Дети военной поры — страница 37 из 63

Над нами работает пулемет. Мигают гильзы-коптилки, ходуном ходит пустая кастрюля на плите, повизгивает труба, выведенная в окно. Молча и не отрываясь все смотрят в одну точку — на дверь. Мы знаем, что ждет нас, если фашисты ворвутся в дом. Без всякого предупреждения они забрасывают подвалы гранатами. Так погибли многие семьи в поселке. Пока стучит пулемет наверху, мы живы.

Кто-то спускается по ступенькам. Веснушчатый пулеметчик, просунувшись в дверь, садится на ящик с патронами. Рукав шинели в крови. Мама быстро освобождает угол топчана. Вместе с тетей Женей Величкиной разрезают рукав, перебинтовывают рану. Мне ничего не видно за их спинами. Боец говорит: «Рука холодеет». Мама растирает, а я вижу, как на глазах побелела его рука. В дверь врывается ветер. Раненый боец снова поднимается на лестницу.

Стучит пулемет. Мы знаем: пока пулеметчики живы, они не уйдут, не оставят подвал без защиты. Верим в это, как верят в добро и истину. Все, что еще будет в жизни, зависит сейчас от одного — единого — от стука пулемета наверху, над дверью подвала. Бойцы закрыли дорогу фашистам к нашей улице, к развалинам школы, к убитой бабе Насте. Линия огня проходила в те минуты не только по земле — бойцы защищали в нас веру в человеческое благородство, мужество. Если бы меня спросили тогда, что такое совесть, я бы сказала, что знаю ее земное обличье. Видела двух молодых солдат, сражавшихся на ступеньках нашего многодетного подвала, и думала о том, что совесть — это такая сила в человеке, которую победить невозможно.

Стук пулемета отмерил один из ста шестидесяти трех дней, которые мы прожили в подвале.

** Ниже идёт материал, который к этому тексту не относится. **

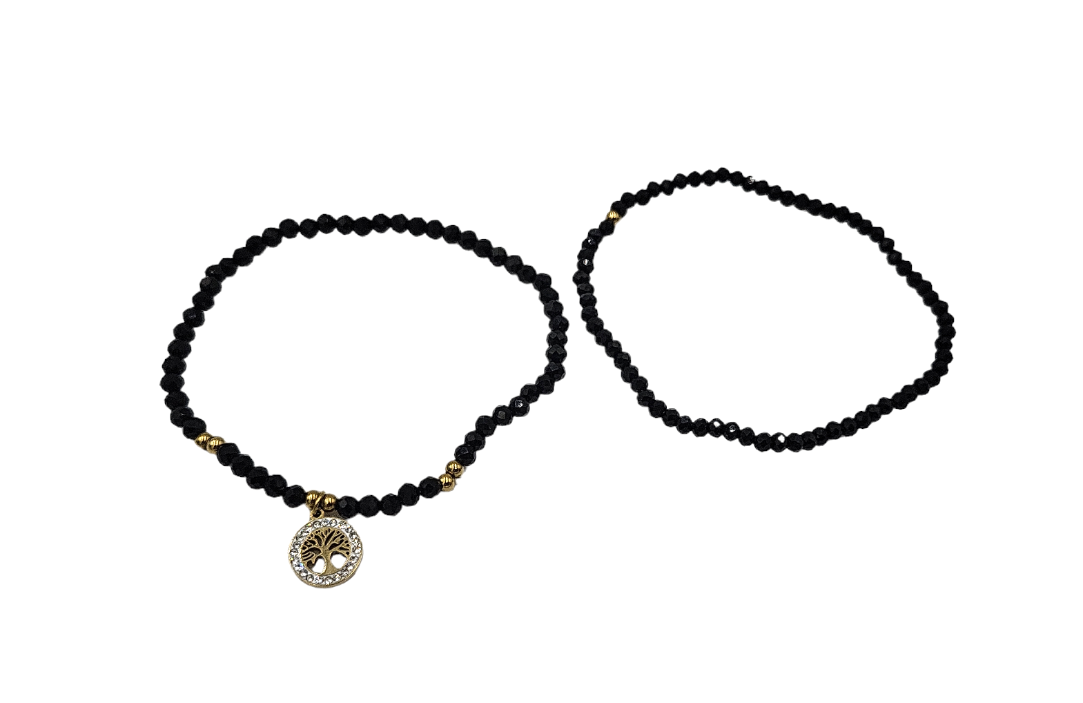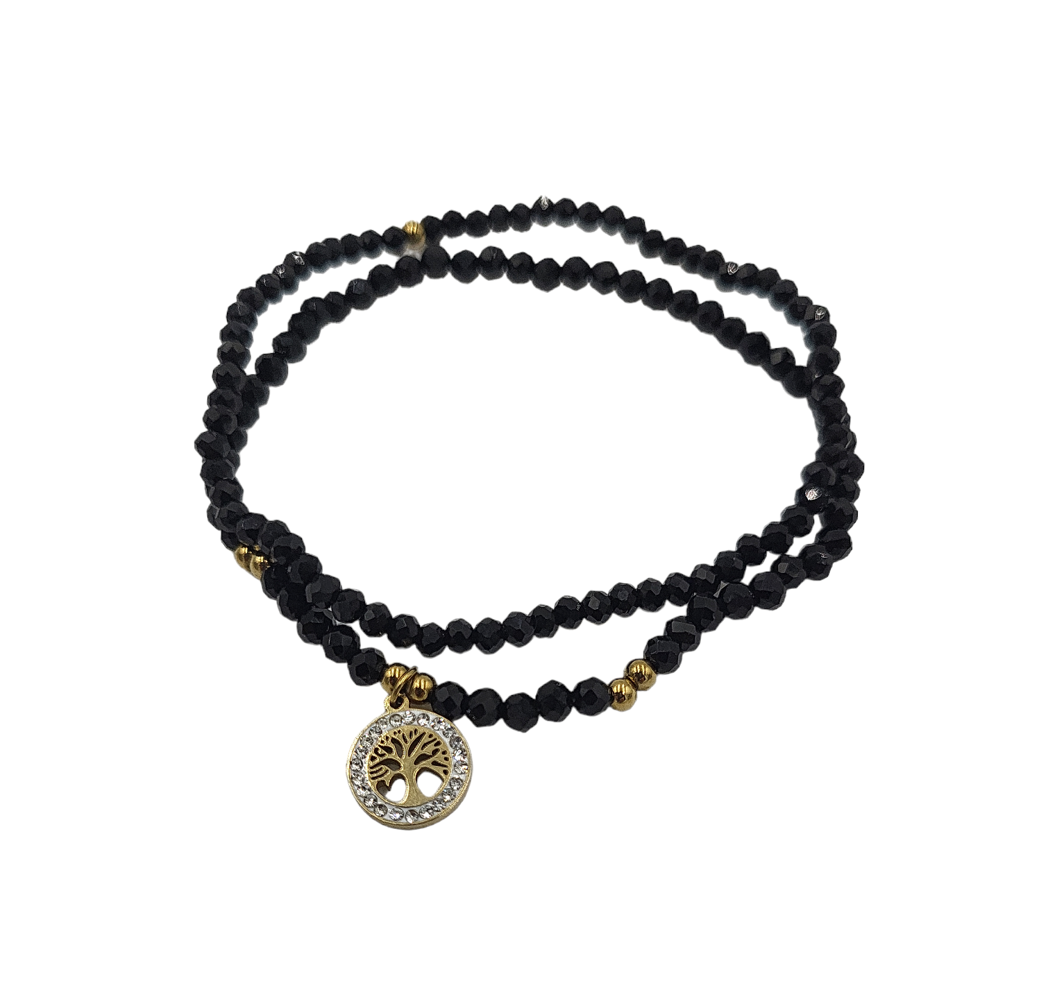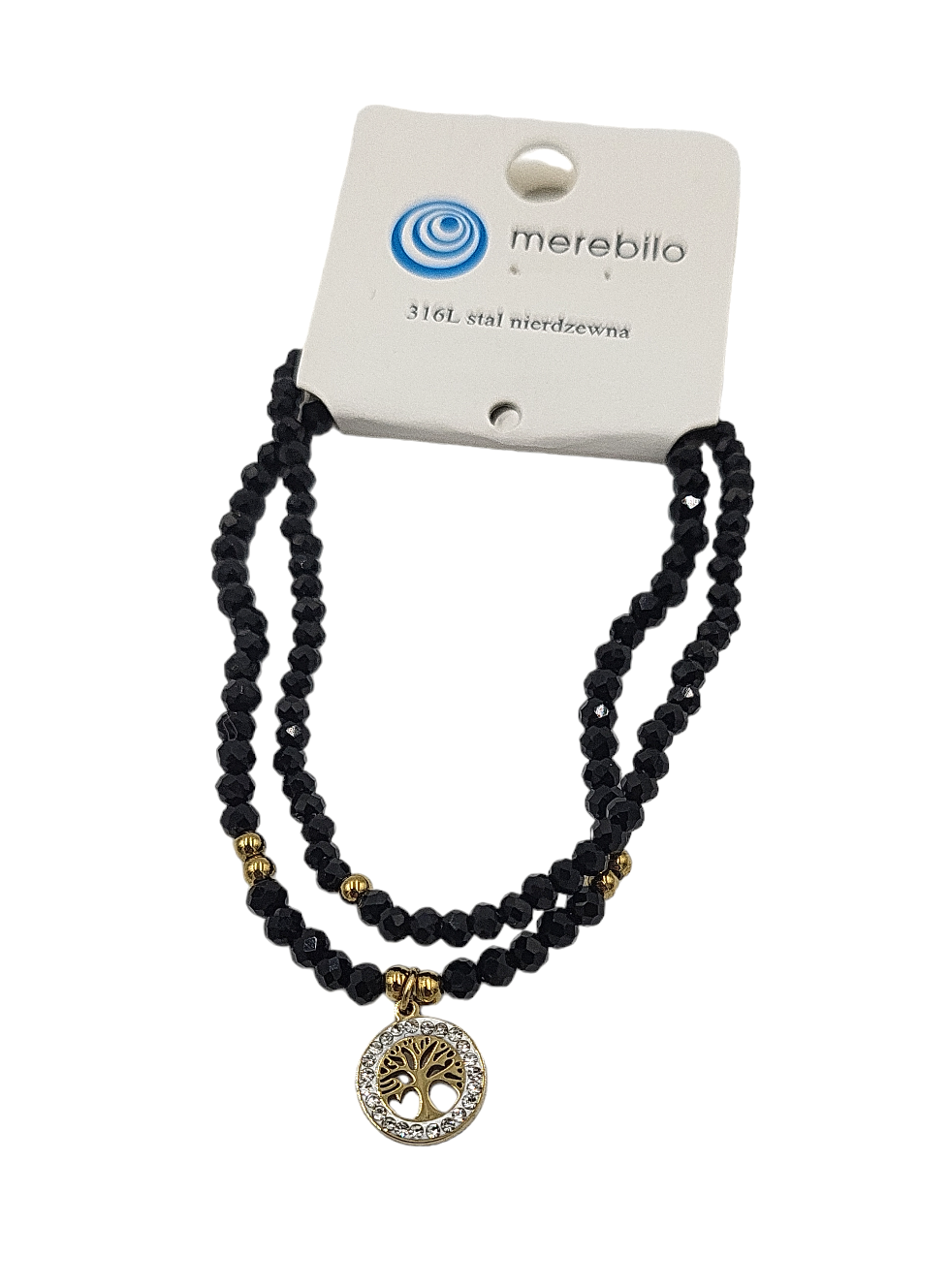 Bransoletka podwójna kryształek czarny drzewko szczęścia

Еще много раз я приходила в землянку, где уютно пахло древесной смолой. Павел Михайлович ставил котелок с дымящейся кашей или супом. Задумчиво смотрел, как я ела. Было в его рассказах такое, что и через годы не дает мне покоя. Говорил о том, как уходил на фронт, как двигался воинский эшелон к Сталинграду. Помню его рассказ. Бомбой перевернуло вагоны. Молодому лейтенанту оторвало ноги. Час назад сидели вместе, шутили, пели. Вспоминали о ночной атаке. Прорывались из горящего дома, окруженного гитлеровцами. Как уцелеть в свинцовой пурге? Гранатами прокладывали дорогу. Бились прикладом и штыком. Крики, стоны, брань. Почему Павел Михайлович говорил об этом мне, испуганной девочке с косичками? Шел ноябрь 1942 года. Впереди были многие километры войны. Он верил, что я останусь жить и запомню все, что он рассказывал о себе и товарищах. Павел Михайлович был, что называется, штатским человеком. Рассказывал, будто сам удивлялся. Теперь я понимаю: все увиденное на фронте потрясло его сознание.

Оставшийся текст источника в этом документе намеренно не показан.